> **Exercise requirements**:
Would you write out every record that follows exactly, with the pictures left out?

> **The data**:
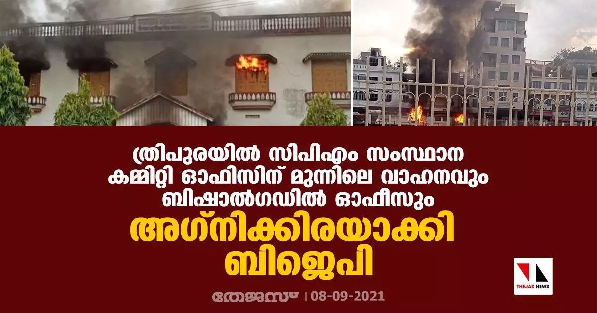 ത്രിപുരയില് സിപിഎം സംസ്ഥാന കമ്മിറ്റി ഓഫീസിന് മുന്നിലെ വാഹനവും ബിഷാൽഗഡിൽ ഓഫീസും അഗ്നിക്കിരയാക്കി ബിജെപി
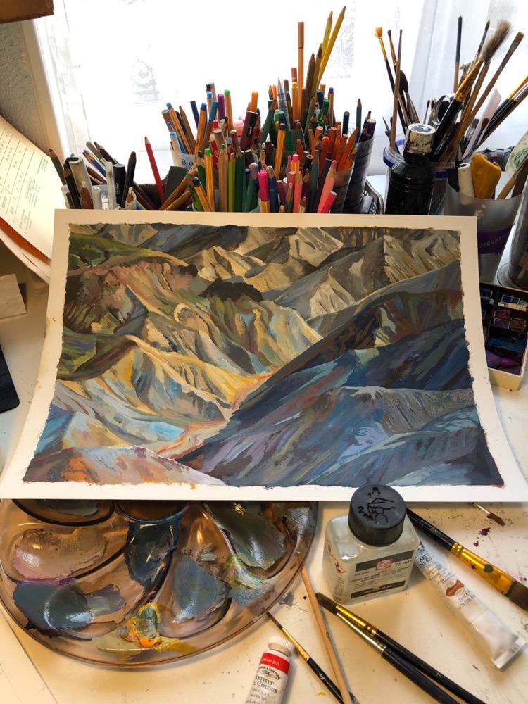 Gabrielle est de retour en France, entourĂ©e de piles de carnets, de feuilles, d’esquisses colorĂ©es. Elle trie, classe, sĂ©lectionne parmi les dizaines de peintures, dessins et croquis rĂ©alisĂ©s pendant le voyage. Tout ne pouvait pas naĂźtre sur place : entre la mĂ©tĂ©o capricieuse, la logistique lourde et la fatigue, il aurait Ă©tĂ© illusoire de tout rĂ©aliser au fil des jours. Mais ce n’est pas un Ă©chec — c’était Ă©crit dĂšs le dĂ©part.
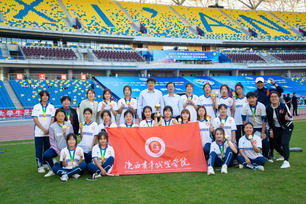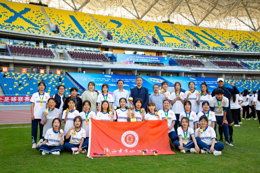 2023 年陕西省大学生足球联赛是实行“乙类乙管”后陕西省举办的第一项大学生大型赛事,得到全省高校师生的积极响应。在为期一个月的比赛时间里,来自全省70所高校的102支足球队,3000名运动员、教练员、裁判员分别在西安市七所大学和西安奥体中心进行了246场比赛,最终我院女子足球队顽强拼搏以全胜的成绩勇夺陕西省大学生足球联赛(三级联赛)冠军,这也是学院历史上第一个省级学生体育比赛团体冠军。
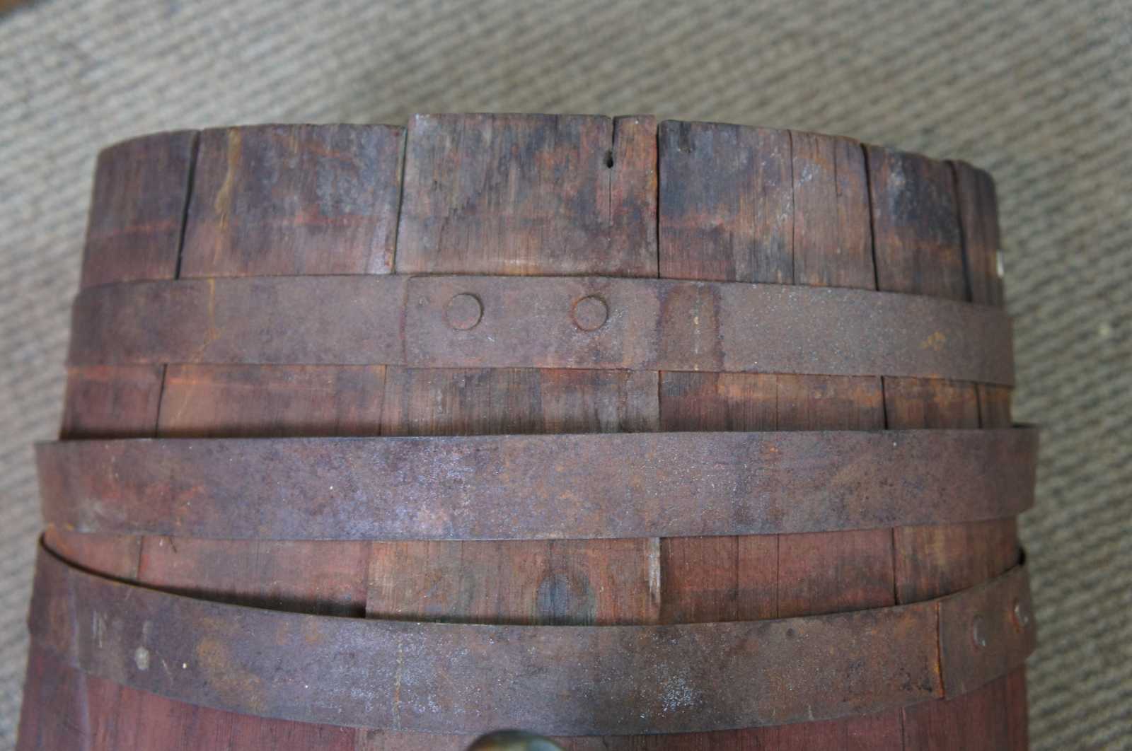 Antique oak iron banded beer or whiskey barrel keg with crank spigot. A charming design element for any bar or home.
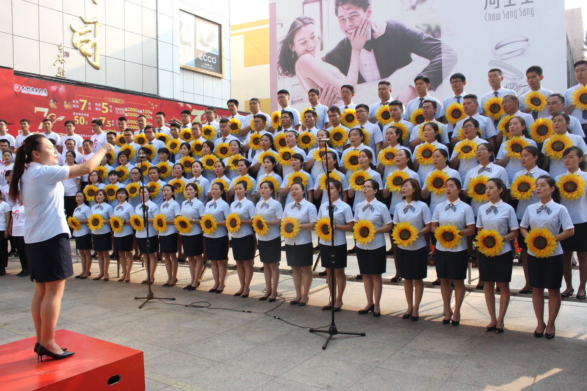 躬逢新時代,頌歌獻(xiàn)祖國。9月30日早上,集團(tuán)在九州商業(yè)大廈門前廣場舉辦慶祝新中國成立70周年歌詠比賽,來自各經(jīng)營單位和集團(tuán)行政處室的六支代表隊共計450余人參加了比賽。 余音繞梁,群情激昂,或雄壯,或深情,或火熱,或沉醉,六支代表隊用動聽的歌聲直抒對祖國的滿腔熱愛,展現(xiàn)新時代九州人深厚的愛國情懷。“起來,不愿做奴隸的人們,把我們的血肉筑成我們新的長城……”比賽伊始,舉行升國旗儀式,伴隨著緩緩升起的五星紅旗,六支代表隊齊唱國歌,斗志昂揚。隨后,全體大合唱《九州集團(tuán)之歌》更加彰顯了九州員工蓬勃向上、意氣風(fēng)發(fā)的精神風(fēng)貌。本次比賽,每支代表隊演唱兩首參賽曲目,以歌詠志、以歌抒懷。《祖國頌》《我和我的祖國》《保衛(wèi)黃河》《大中國》《沒有共產(chǎn)黨就沒有新中國》《歌唱祖國》《不忘初心》《我愛你中國》《祖國不會忘記》《愛我中華》等一首首膾炙人口的歌曲陸續(xù)唱響,唱出了九州人對祖國母親的無限熱愛和美好祝福。嘹亮的歌聲在現(xiàn)場久久回蕩,吸引了越來越多的行人駐足觀看,現(xiàn)場響起一陣又一陣的掌聲。比賽的最后,所有參賽隊員及現(xiàn)場觀眾在指揮老師的統(tǒng)一指揮下,共同唱響《歌唱祖國》,“五星紅旗迎風(fēng)飄揚,勝利歌聲多么嘹亮,歌唱我們親愛的祖國,從今走向繁榮富強……”熟悉的旋律伴隨著飄揚的五星紅旗,將現(xiàn)場的氣氛推向高潮,本次比賽圓滿落下帷幕。 同唱愛國歌,共筑九州夢。當(dāng)下,九州人將青春與熱血融入旋律,將情懷與夢想融入歌聲,獻(xiàn)禮祖國。而今后,九州人將繼續(xù)緊隨偉大祖國發(fā)展步伐,不忘初心,砥礪奮進(jìn),再創(chuàng)事業(yè)新輝煌。(文/劉文靜)
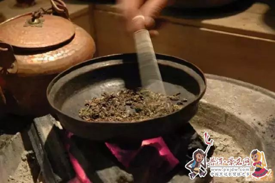 彝家糊米罐罐香茶烤罐要肚大口小,大小適中,茶具為土陶和紫砂制品為主。泡茶取無量山泉水,主要工序是用銅壺將水燒開,先將上好的糯米煎烤至黃,再將取于哀牢無量山的曬青白牙口茶放入抖烤。烤茶時要求“烤關百抖”,茶葉泛香糯米焦黃,糊米和茶葉烤好后,即沖入少量沸水,讓水自動沖除罐口浮沫,放入小片刨開的鮮姜,再加入開水煮一分鐘,即可入杯,奉給客人飲用。

> **Task result**:
 ത്രിപുരയില് സിപിഎം സംസ്ഥാന കമ്മിറ്റി ഓഫീസിന് മുന്നിലെ വാഹനവും ബിഷാൽഗഡിൽ ഓഫീസും അഗ്നിക്കിരയാക്കി ബിജെപി
 Gabrielle est de retour en France, entourĂ©e de piles de carnets, de feuilles, d’esquisses colorĂ©es. Elle trie, classe, sĂ©lectionne parmi les dizaines de peintures, dessins et croquis rĂ©alisĂ©s pendant le voyage. Tout ne pouvait pas naĂźtre sur place : entre la mĂ©tĂ©o capricieuse, la logistique lourde et la fatigue, il aurait Ă©tĂ© illusoire de tout rĂ©aliser au fil des jours. Mais ce n’est pas un Ă©chec — c’était Ă©crit dĂšs le dĂ©part.
 2023 年陕西省大学生足球联赛是实行“乙类乙管”后陕西省举办的第一项大学生大型赛事,得到全省高校师生的积极响应。在为期一个月的比赛时间里,来自全省70所高校的102支足球队,3000名运动员、教练员、裁判员分别在西安市七所大学和西安奥体中心进行了246场比赛,最终我院女子足球队顽强拼搏以全胜的成绩勇夺陕西省大学生足球联赛(三级联赛)冠军,这也是学院历史上第一个省级学生体育比赛团体冠军。
 Antique oak iron banded beer or whiskey barrel keg with crank spigot. A charming design element for any bar or home.
 躬逢新時代,頌歌獻(xiàn)祖國。9月30日早上,集團(tuán)在九州商業(yè)大廈門前廣場舉辦慶祝新中國成立70周年歌詠比賽,來自各經(jīng)營單位和集團(tuán)行政處室的六支代表隊共計450余人參加了比賽。 余音繞梁,群情激昂,或雄壯,或深情,或火熱,或沉醉,六支代表隊用動聽的歌聲直抒對祖國的滿腔熱愛,展現(xiàn)新時代九州人深厚的愛國情懷。“起來,不愿做奴隸的人們,把我們的血肉筑成我們新的長城……”比賽伊始,舉行升國旗儀式,伴隨著緩緩升起的五星紅旗,六支代表隊齊唱國歌,斗志昂揚。隨后,全體大合唱《九州集團(tuán)之歌》更加彰顯了九州員工蓬勃向上、意氣風(fēng)發(fā)的精神風(fēng)貌。本次比賽,每支代表隊演唱兩首參賽曲目,以歌詠志、以歌抒懷。《祖國頌》《我和我的祖國》《保衛(wèi)黃河》《大中國》《沒有共產(chǎn)黨就沒有新中國》《歌唱祖國》《不忘初心》《我愛你中國》《祖國不會忘記》《愛我中華》等一首首膾炙人口的歌曲陸續(xù)唱響,唱出了九州人對祖國母親的無限熱愛和美好祝福。嘹亮的歌聲在現(xiàn)場久久回蕩,吸引了越來越多的行人駐足觀看,現(xiàn)場響起一陣又一陣的掌聲。比賽的最后,所有參賽隊員及現(xiàn)場觀眾在指揮老師的統(tǒng)一指揮下,共同唱響《歌唱祖國》,“五星紅旗迎風(fēng)飄揚,勝利歌聲多么嘹亮,歌唱我們親愛的祖國,從今走向繁榮富強……”熟悉的旋律伴隨著飄揚的五星紅旗,將現(xiàn)場的氣氛推向高潮,本次比賽圓滿落下帷幕。 同唱愛國歌,共筑九州夢。當(dāng)下,九州人將青春與熱血融入旋律,將情懷與夢想融入歌聲,獻(xiàn)禮祖國。而今后,九州人將繼續(xù)緊隨偉大祖國發(fā)展步伐,不忘初心,砥礪奮進(jìn),再創(chuàng)事業(yè)新輝煌。(文/劉文靜)
 彝家糊米罐罐香茶烤罐要肚大口小,大小適中,茶具為土陶和紫砂制品為主。泡茶取無量山泉水,主要工序是用銅壺將水燒開,先將上好的糯米煎烤至黃,再將取于哀牢無量山的曬青白牙口茶放入抖烤。烤茶時要求“烤關百抖”,茶葉泛香糯米焦黃,糊米和茶葉烤好后,即沖入少量沸水,讓水自動沖除罐口浮沫,放入小片刨開的鮮姜,再加入開水煮一分鐘,即可入杯,奉給客人飲用。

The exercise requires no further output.